Thursday, January 25, 2007

State of Life

I spend a lot of time in Starbucks. Starbucks and I hang out Monday and Friday morning in Torrance, Tuesday and Thursday in Azusa, and Wednesday in Laguna Niguel. It was a strange realization that I am more aware of who works at Starbucks than I am of my neighbors at home. Strange.

This semester marks the middle and second half of my doctorate. It is also the most gruelling schedule I have had to maintain, leaving me exhausted by Friday. I have found that this semester I have asked the questions of "why" and "how" more often than any other semester in my academic career.

The question of "Why". Why do I do this, why did I choose this profession?
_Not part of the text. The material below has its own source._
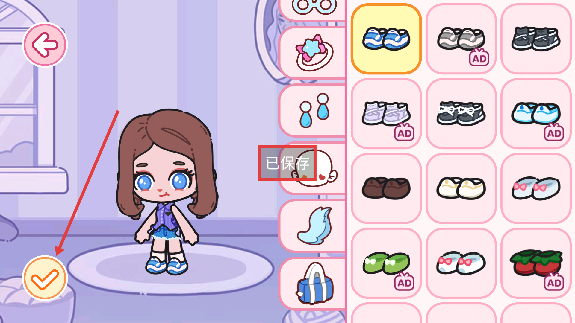 4、完成装扮选择后,点击左下角确认按钮,系统会提示【已保存】,完成本次角色装扮的设置。

Why a doctorate? Why this schedule. I have to say that I love what I do when I am with patients, when I am with those precious little children. Hearing the stories is often painful, but as horrible as the story is, to sit, to play, to laugh, to offer hope to parents is beautiful, is renewing, offers hope, to parents but also to me. It is for me, evidence of Christ at work.
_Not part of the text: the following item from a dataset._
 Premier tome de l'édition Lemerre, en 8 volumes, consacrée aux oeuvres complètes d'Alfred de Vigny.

The question of "how". How am I ever going to make it out of this program? That is asked far more often than I ever imagined. How am I going to get through the amount of work that I have? How am I going to ever complete my dissertation? I ask these questions often.
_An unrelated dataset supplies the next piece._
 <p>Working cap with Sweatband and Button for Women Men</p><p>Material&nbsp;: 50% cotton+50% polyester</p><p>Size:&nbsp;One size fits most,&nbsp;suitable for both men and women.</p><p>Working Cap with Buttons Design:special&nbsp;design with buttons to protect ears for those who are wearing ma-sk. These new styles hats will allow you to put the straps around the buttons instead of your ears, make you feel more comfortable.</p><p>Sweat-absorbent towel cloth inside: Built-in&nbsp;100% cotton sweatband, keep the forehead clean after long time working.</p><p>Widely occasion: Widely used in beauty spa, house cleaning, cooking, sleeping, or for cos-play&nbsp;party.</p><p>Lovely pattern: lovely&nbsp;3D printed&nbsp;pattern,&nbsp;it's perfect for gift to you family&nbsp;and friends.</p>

In my very narrow focus of school I have to say that God has been amazing. In a year where all budgets were cut Jeff was granted money for a full-time intern. Something desperately needed for the youth at our church, and for Jeff's sanity! I am TA'ing a class with an incredible professor that continues to provide me an opportunity to read material that I love - spiritual formation - and be reminded of Christ's work in my own life and the lives of students behind me. The girls that I work with at our church are being nice to each other - most of the time. They are showing up to small group regularly - they are invested. My prayer for them, answered. I have really funny friends, who although I rarely see, make me laugh and remind me of the days of having the time to just "be" with good people. I need to be reminded of these little things - which I so rarely take time to note.

1 comment:

Deadmanshonda said...

If I become a Starbucks for awhile will you hang out with me just as much? ;) You can DO it girl! Only a year and a half yet!And hopefully you won't pass anything so you have stay down here longer....he eh he...teasing. You are beautiful in so many ways Krista.